### Data for this task
* * * * *

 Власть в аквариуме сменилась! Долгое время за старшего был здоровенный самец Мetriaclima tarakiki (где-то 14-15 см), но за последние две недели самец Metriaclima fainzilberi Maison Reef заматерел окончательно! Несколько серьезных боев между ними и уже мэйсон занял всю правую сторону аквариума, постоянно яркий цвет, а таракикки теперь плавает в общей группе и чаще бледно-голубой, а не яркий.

* * * * *

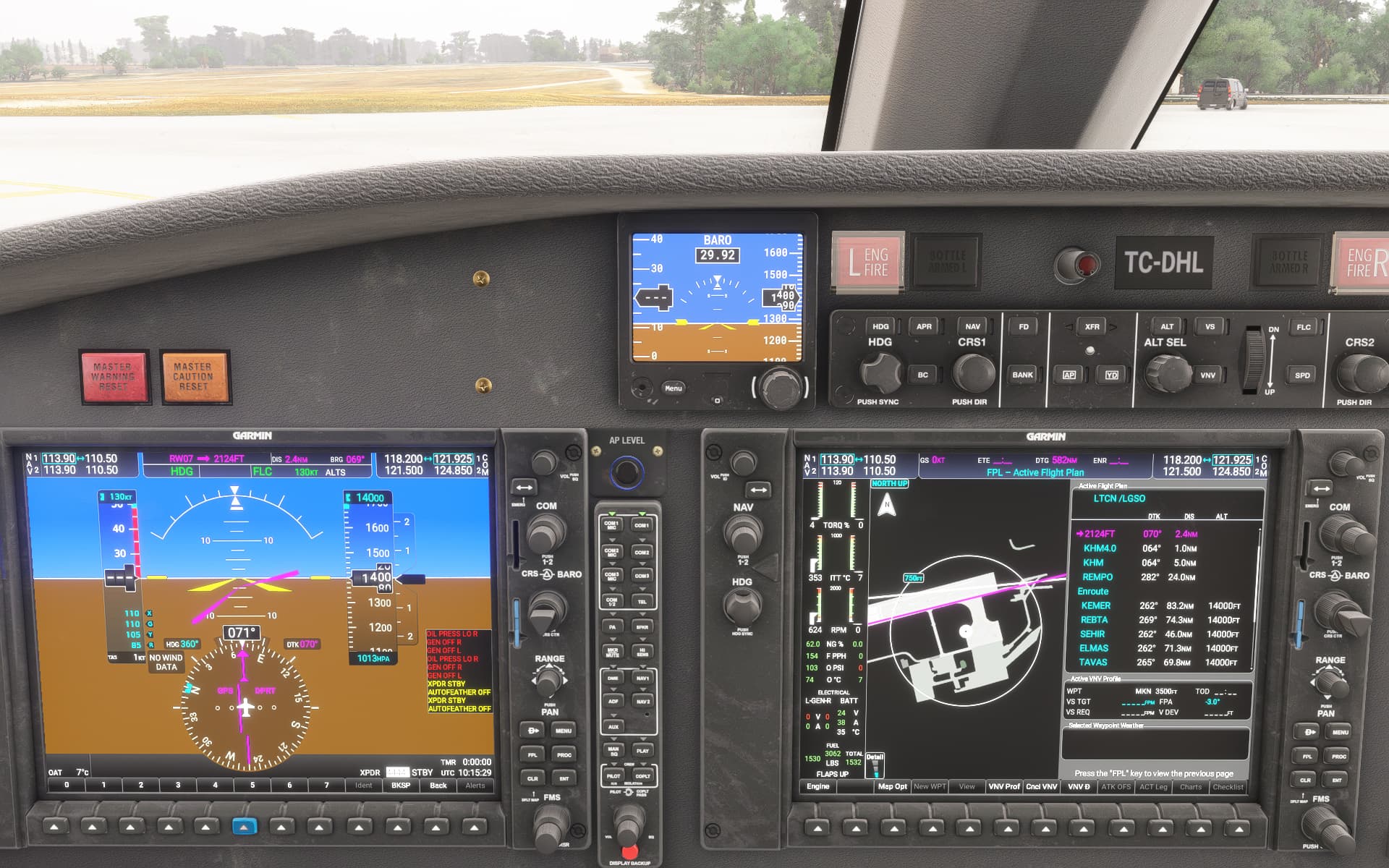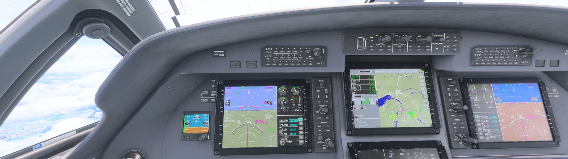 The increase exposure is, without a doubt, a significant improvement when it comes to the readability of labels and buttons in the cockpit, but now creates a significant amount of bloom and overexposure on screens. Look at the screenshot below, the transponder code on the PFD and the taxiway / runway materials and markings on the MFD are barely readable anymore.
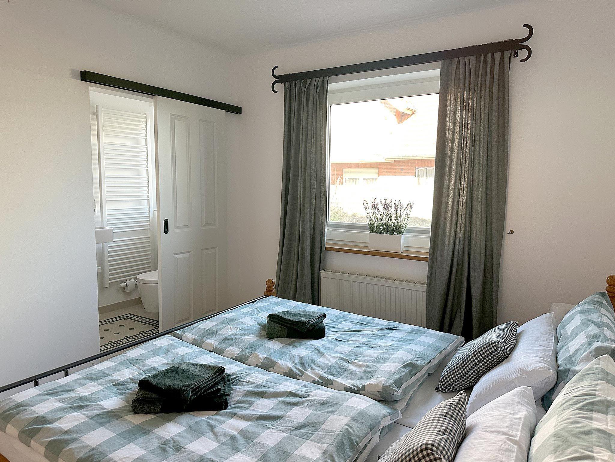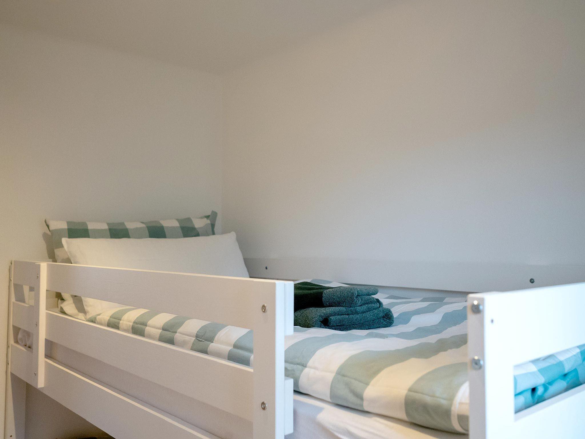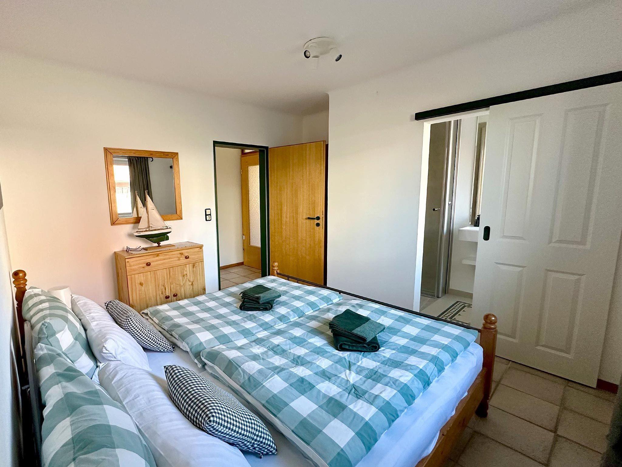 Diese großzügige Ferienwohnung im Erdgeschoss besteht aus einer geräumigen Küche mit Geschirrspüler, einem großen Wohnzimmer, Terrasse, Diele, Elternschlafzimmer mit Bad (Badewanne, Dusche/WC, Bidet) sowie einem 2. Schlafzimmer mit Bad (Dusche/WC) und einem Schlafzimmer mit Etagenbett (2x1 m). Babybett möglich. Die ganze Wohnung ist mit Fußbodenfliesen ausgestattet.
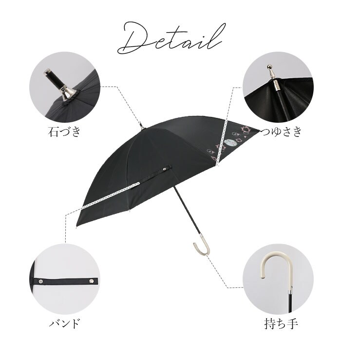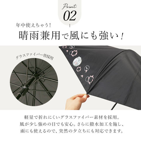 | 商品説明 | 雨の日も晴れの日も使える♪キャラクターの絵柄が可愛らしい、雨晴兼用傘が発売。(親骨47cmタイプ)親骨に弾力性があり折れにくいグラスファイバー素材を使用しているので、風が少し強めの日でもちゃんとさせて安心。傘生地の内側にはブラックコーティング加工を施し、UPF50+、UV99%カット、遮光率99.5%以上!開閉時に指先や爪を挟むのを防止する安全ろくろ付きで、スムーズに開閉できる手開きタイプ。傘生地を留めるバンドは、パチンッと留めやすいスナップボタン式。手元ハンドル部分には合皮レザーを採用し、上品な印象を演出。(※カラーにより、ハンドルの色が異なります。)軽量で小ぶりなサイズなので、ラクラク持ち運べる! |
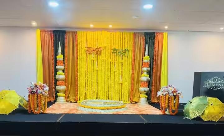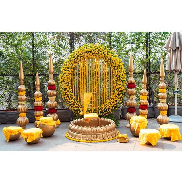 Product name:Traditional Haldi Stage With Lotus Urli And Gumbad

* * * * *

### Task
Of the lines above, copy only those from the one holding "Diese großzügige Ferienwohnung" to the one holding "Product name:Traditional Haldi", both included, and exclude every image.

### Output for this exercise
 Diese großzügige Ferienwohnung im Erdgeschoss besteht aus einer geräumigen Küche mit Geschirrspüler, einem großen Wohnzimmer, Terrasse, Diele, Elternschlafzimmer mit Bad (Badewanne, Dusche/WC, Bidet) sowie einem 2. Schlafzimmer mit Bad (Dusche/WC) und einem Schlafzimmer mit Etagenbett (2x1 m). Babybett möglich. Die ganze Wohnung ist mit Fußbodenfliesen ausgestattet.
 | 商品説明 | 雨の日も晴れの日も使える♪キャラクターの絵柄が可愛らしい、雨晴兼用傘が発売。(親骨47cmタイプ)親骨に弾力性があり折れにくいグラスファイバー素材を使用しているので、風が少し強めの日でもちゃんとさせて安心。傘生地の内側にはブラックコーティング加工を施し、UPF50+、UV99%カット、遮光率99.5%以上!開閉時に指先や爪を挟むのを防止する安全ろくろ付きで、スムーズに開閉できる手開きタイプ。傘生地を留めるバンドは、パチンッと留めやすいスナップボタン式。手元ハンドル部分には合皮レザーを採用し、上品な印象を演出。(※カラーにより、ハンドルの色が異なります。)軽量で小ぶりなサイズなので、ラクラク持ち運べる! |
 Product name:Traditional Haldi Stage With Lotus Urli And Gumbad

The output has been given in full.